A GPM is a model that has been pre-trained on a broad, heterogeneous corpus spanning multiple data modalities (text, images, graphs) or representations (e.g., common names, 3D coordinates, molecular images). It can be applied to a wide spectrum of downstream tasks that differ in objective (classification, regression, generation, reasoning), input format, and domain—ranging from natural-language processing to chemistry and vision—with little or no task-specific fine-tuning. A GPM supports zero-shot, few-shot, or transfer learning and can serve as the core component of autonomous agents.

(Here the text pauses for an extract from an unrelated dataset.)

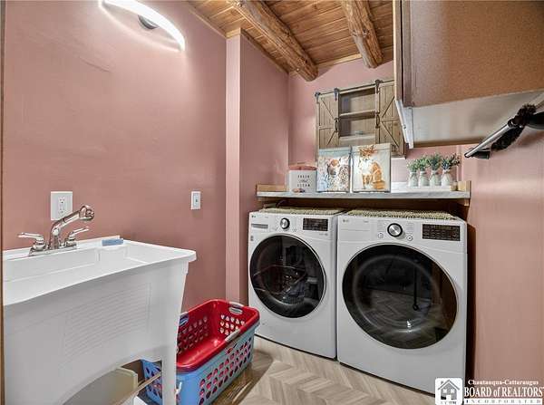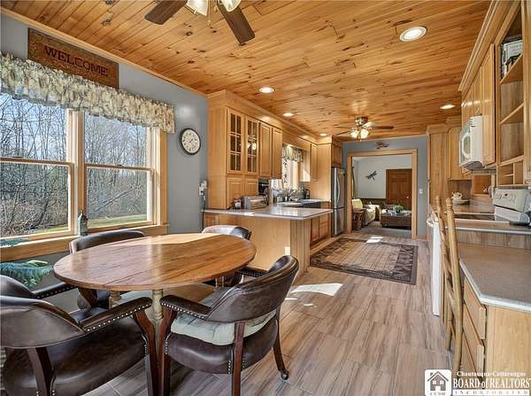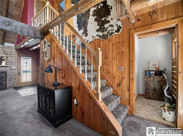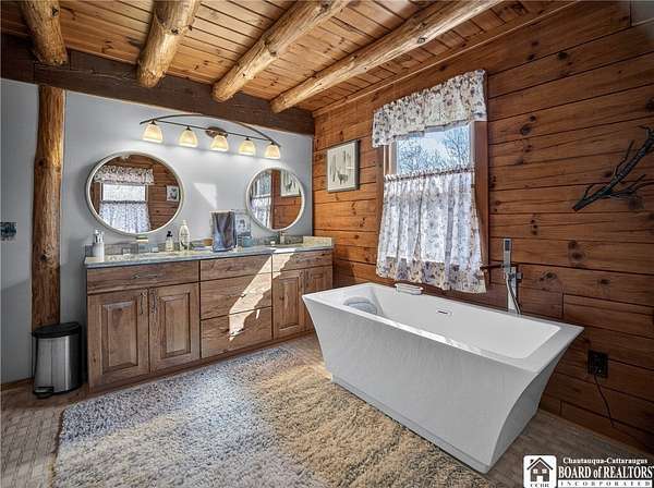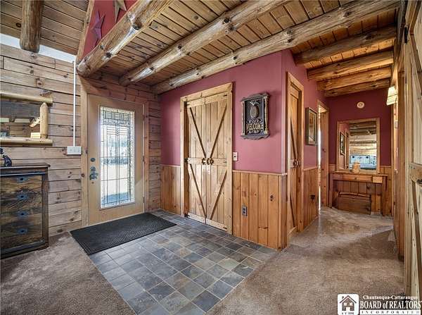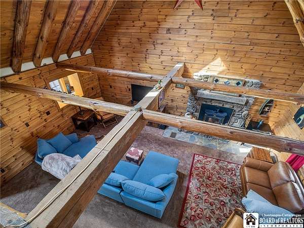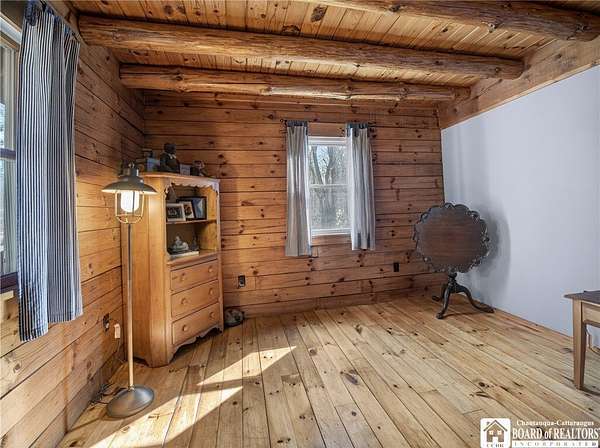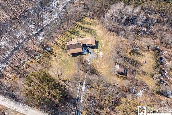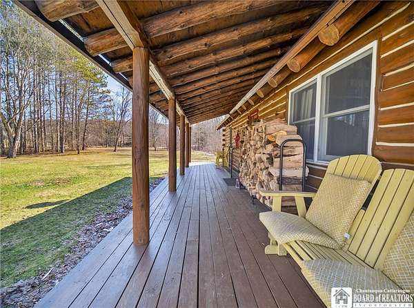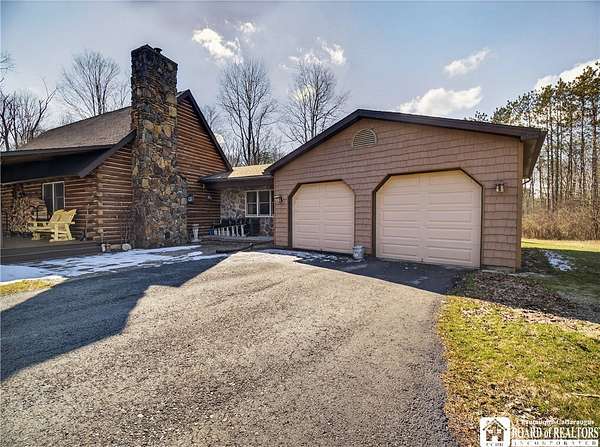 This home could be the start of your happily ever after! Set on 5 acres in the country, this log home is gorgeous, inside and out. The rural setting perfectly matches the rustic vibe. Inside, the home has a spacious living room with cathedral ceilings and a wood-burning fireplace. The country kitchen has ample counter space and is modern while still staying consistent with the rustic charm featured throughout the home. The dining room looks out over the yard, providing the perfect backdrop for every gathering. The bathroom has been customized to the current owner's specifications and features Jack-and-Jill sinks, a soaking tub, and a spacious step-in shower. The main floor also has a cozy family room and a laundry room with a washtub sink. The primary bedroom is on the second floor and offers two closets. The full basement is dry and currently serves as a storage area. It could be easily turned into a family room. Outside, there is a deck off the back of the house, the perfect place to enjoy a weekend barbecue. The home has an attached two-bay garage, and there is also a shed on the property. The house is also equipped with a generator hookup.

Table 1.1: Illustrative examples of GPMs, domain-specific foundation models, and specialized chemistry ML pipelines. The table depicts the definition of GPM with examples for such models, as well as comparisons with domain-specific models and chemistry pipelines. Note that a GPM does not necessarily output text.
Category Typical Characteristics Representative Examples
GPMs Pre-trained on a large heterogeneous corpus spanning multiple modalities. Supports zero/few-shot generalization and can be fine-tuned for diverse chemistry tasks. Capable of autonomous agent behavior, including planning and execution.

Autoregressive: GPT-4,[OpenAI et al. (2023)] LLaMA,[Grattafiori et al. (2024)] Galactica[Taylor et al. (2022)]

Diffusion-based: Gemini Diffusion,[Google DeepMind (n.d.)] Inception Mercury[Labs et al. (2025)]

Other: Mamba-based[Gu and Dao (2023)] models

Domain-Specific Foundation Models Trained on curated, domain-specific datasets (e.g., protein structures, crystal structures). Achieve state-of-the-art performance in narrow task sets, but are typically not multimodal or generalizable to unrelated chemistry problems. AlphaFold,[Jumper et al. (2021)] ESM,[Lin et al. (2023)] MACE-MP-0[Batatia et al. (2023)], MatterSim[H. Yang et al. (2024)], MolecularTransformer[Schwaller et al. (2019)]
Specialized Chemistry Pipelines Domain-specific models combined with rule-based or rely on hand-crafted transferability beyond the Graph-based reaction outcome predictors, quantitative structure-property relationships (QSPR) models using | Morgan fingerprints, Gaussian process regression (GPR) on nuclear magnetic resonance (NMR) shifts |

Table 1.1 gives examples of how this definition can be applied. By decoupling the notion of “general-purpose” from any specific architecture or modality, we aim to foster creative exploration of models that are better aligned with the data characteristics and scientific goals of chemistry. We hope to contribute to this by addressing chemists and computer scientists, by providing technical background, a consistent terminology, and explaining key technical terminology in a glossary at the end of the manuscript.